In a tweet, Iranian Foreign Minister Javad Zarif said the aim of the Vienna session would be to “rapidly finalize sanction-lifting & nuclear measures for choreographed removal of all sanctions, followed by Iran ceasing remedial measures.”
Iranian state television quoted Abbas Araghchi, Iran’s nuclear negotiator at the virtual meeting, as saying during Friday’s discussions that any “return by the U.S. to the nuclear deal does not require any negotiation and the path is quite clear.”
“The U.S. can return to the deal and stop breaching the law in the same way it withdrew from the deal and imposed illegal sanctions on Iran,” Araghchi was quoted as as saying.
Russia’s ambassador to international organizations in Vienna, Mikhail Ulyanov, said “the impression is that we are on the right track, but the way ahead will not be easy and will require intensive efforts. The stakeholders seem to be ready for that.”
Events since Trump pulled out of the deal complicate the United States’ return.

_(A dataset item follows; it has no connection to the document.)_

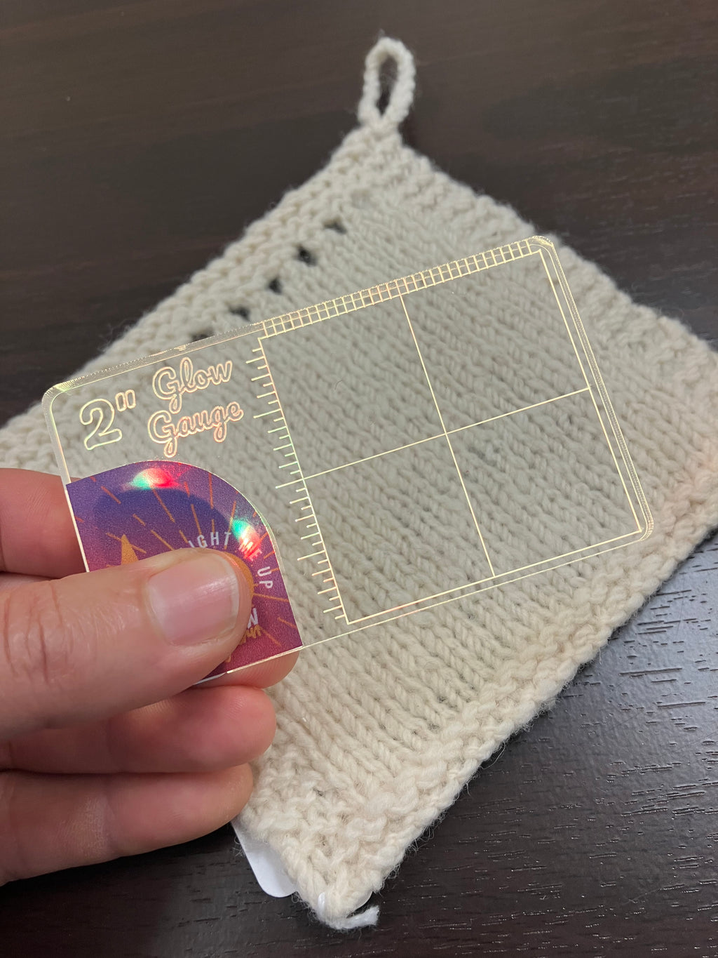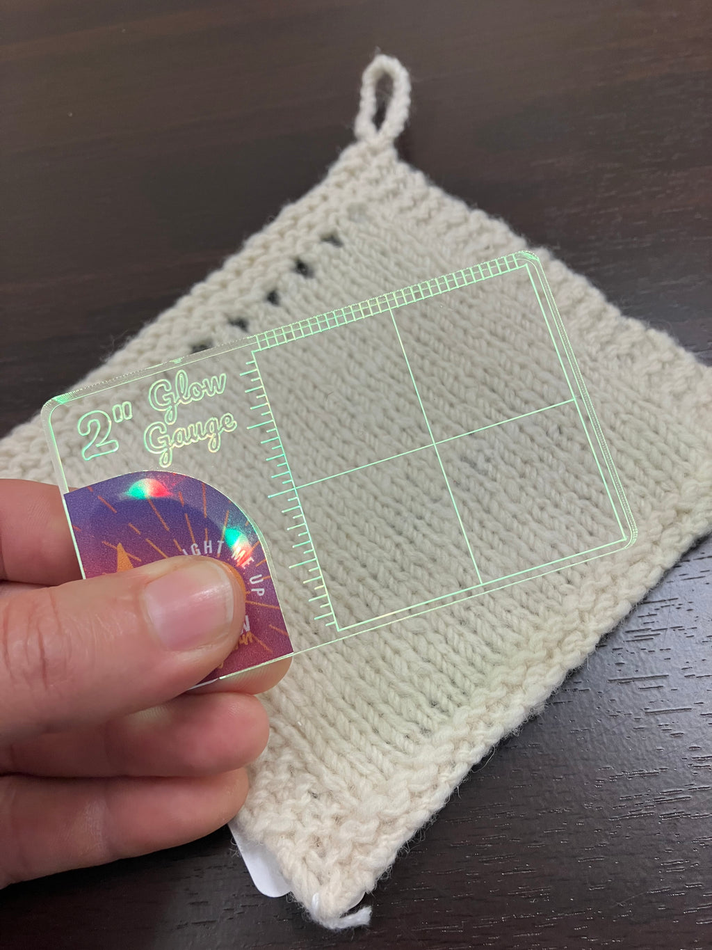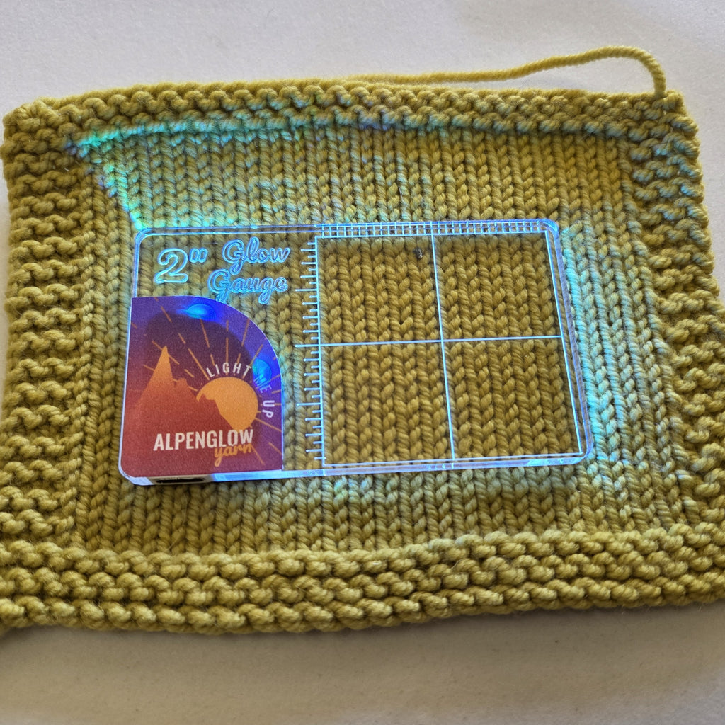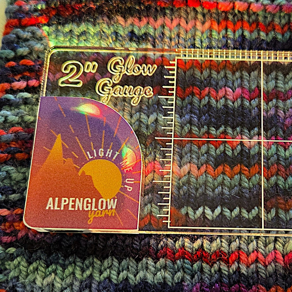 This light-up gauge makes counting stitches so much easier!  The crosshairs at 1 inch help you keep track of your count as you move across your stitches.  It can be set to one of 10 different colors or a slow color-shifting mode if you just can't decide.  The whole gauge is 2 inches, just multiple by 2 to get your gauge over 4 inches.  At about the size of a credit card and 1/4" thick, it's convenient to throw into any project bag.  It comes with a small velvet bag to protect it from scratches, and can be recharged with any USB charger and USB-C cable (not included).

Iran since the U.S. withdrawal from the pact has been steadily violating its restrictions, like the amount of enriched uranium it can stockpile and the purity to which it can enrich it.
The International Atomic Energy Agency has said that over the past two years, Iran has accumulated extensive nuclear material and new capacities and used the time for “honing their skills in these areas.”
Iran in January increased uranium enrichment at its underground Fordo facility to 20% levels. That puts Tehran a comparatively easier technical step away from weapons-grade levels of 90%. Iran now has enough low-enriched uranium to convert to a higher level of enrichment and make a bomb.
Iran insists it is not seeking to make nuclear bombs.
Iran has said that before it resumes compliance with the deal, the U.S. needs to return to its own obligations by dropping the sanctions.
As part of its ongoing violations of the deal, Iran last month began restricting inspections of its nuclear facilities. Under a last-minute agreement worked out during a trip to Tehran, however, some access was preserved.
Under that temporary agreement, Iran will no longer share surveillance footage of its facilities with the International Atomic Energy Agency but has promised to preserve the tapes for three months. It will then hand them over to the Vienna-based U.N. atomic watchdog if it is granted sanctions relief. Otherwise, Iran has vowed to erase the tapes, narrowing the window for a diplomatic breakthrough.
In the U.S., conservatives have pushed the Biden administration to broaden talks to address other complaints against Iran, including its crucial support to armed groups in Lebanon, Iraq, Yemen and Syria and its detention of American citizens, as a condition for lifting sanctions. The administration has pledged in principle to push Iran on those matters, but State Department spokespeople on Friday declined to say if or when those additional points of friction might be raised in resumed talks.
Correction: A previous version of this story incorrectly stated the year that the U.S. pulled out of the accord. This post has been updated.